Чувствовал себя Чарли отвратительно. Если утром ему, окрыленному надеждой, улицы казались чистенькими и веселыми, то теперь, с кучкой остывающего пепла вместо сердца, он видел не чистоту, а лишь выхолощенную стерильность. Бендер надул его, в этом нет никакого сомнения. Заграбастал деньги миссис Хукстраттен и смылся из города. К гостинице он подходил уже совершенно взбешенный. Распахнул дверь, даже не взглянув на швейцара, направился прямо к стойке, где клерк занимался супружеской парой, прибывшей из Чикаго.
– У нас есть номер на верхнем этаже, если пожелаете, – говорил клерк.
Дама с неестественно прямой спиной держала мужа под руку и кивала головой, как птичка на ветке, ее губы были раздвинуты в вежливой улыбке. Чуть поодаль, нависая над багажом супругов, стоял широкоплечий носильщик, затянутый в тесную красную униформу с эполетами и галунами.
Чарли обошел пару, положил руку на стойку.
– Мистер Бендер, – прошипел он.
Клерк кинул на него такой взгляд, будто Оссининг был комочком грязи на подошве его ботинка.
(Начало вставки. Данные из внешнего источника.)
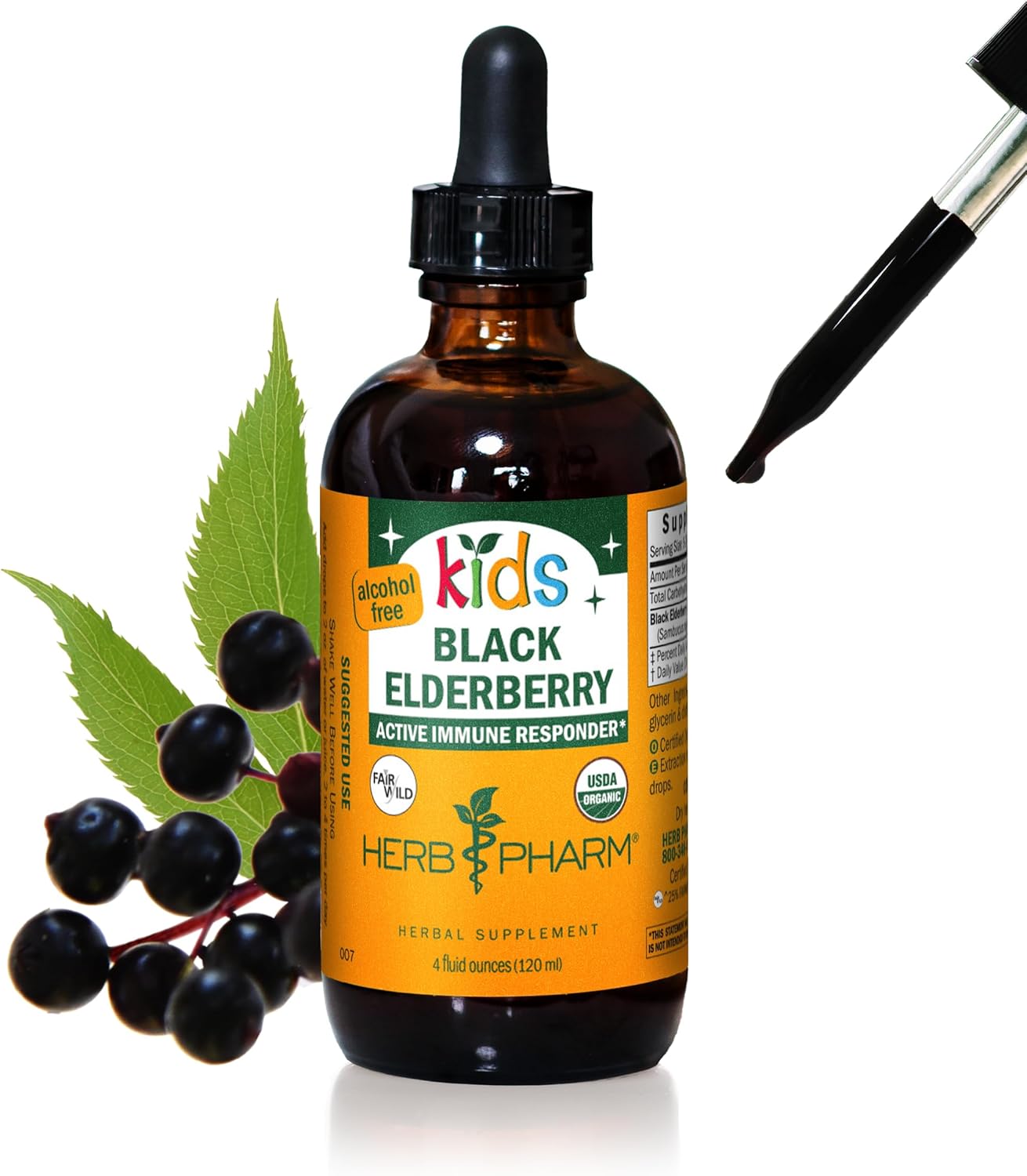 Herb Pharm Alcohol-Free Kids Black Elderberry Liquid Extract supports healthy function of childrenās immune systems. Herb Pharm prepares Kids Black Elderberry from the fully-ripened berries of certified organic Sambucus nigra trees. To ensure a rich spectrum of bioactive compounds, the berries are hand-harvested only when fully mature, are carefully shade-dried to retain their full color & aroma, and are then thoroughly extracted. Easy-to-follow dosing instructions based on body weight are included; simply add drops to a small amount of water or juice. The experts at Herb Pharm select only those herbs that time and experience have proven safe and effective for children. Herb Pharm Alcohol-Free Kids Black Elderberry Liquid Extract, like all Herb Pharm Kidsā herbs, is recommended by Aviva Romm, MD, an internationally-respected expert in botanical and integrative medicine for women and children,Alcohol-Free Kids Black Elderberry Liquid Extract supports healthy function of childrenās immune systems,Prepared from the fully-ripened berries of certified organic Sambucus nigra trees,To ensure a rich spectrum of bioactive compounds, mature berries are hand-harvested, carefully shade-dried, and are then thoroughly extracted,Includes easy-to-follow dosing instructions based on body weight; simply add drops to a small amount of water or juice,COMMITTED TO QUALITY: We sell ~4 million herbalist-crafted products annually and have been in business for 45+ years! Weāre also the worldās 1st Regenerative Organic Certified herb farm

Не пытаясь скрыть презрения, буркнул:
– Подождите, пожалуйста.
Кулак Чарли кузнечным молотом шарахнул по стойке.
– К черту «подождите», – задыхаясь, проговорил он. – Мне нужен Бендер. Найдите его немедленно.
Холл прошелестел приглушенным шепотом, незыблемое спокойствие величественного сооружения зашаталось от этого взрыва ярости. Супружеская пара отступила назад. На Оссининга старались не смотреть. Клерк разинул рот, в его глазах мелькнул ужас – он был похож сейчас на школьника, которого несправедливо наказывают за проделки всего класса. Оссининга охватил злобный восторг: этот несчастный дурак, казалось, сейчас расплачется.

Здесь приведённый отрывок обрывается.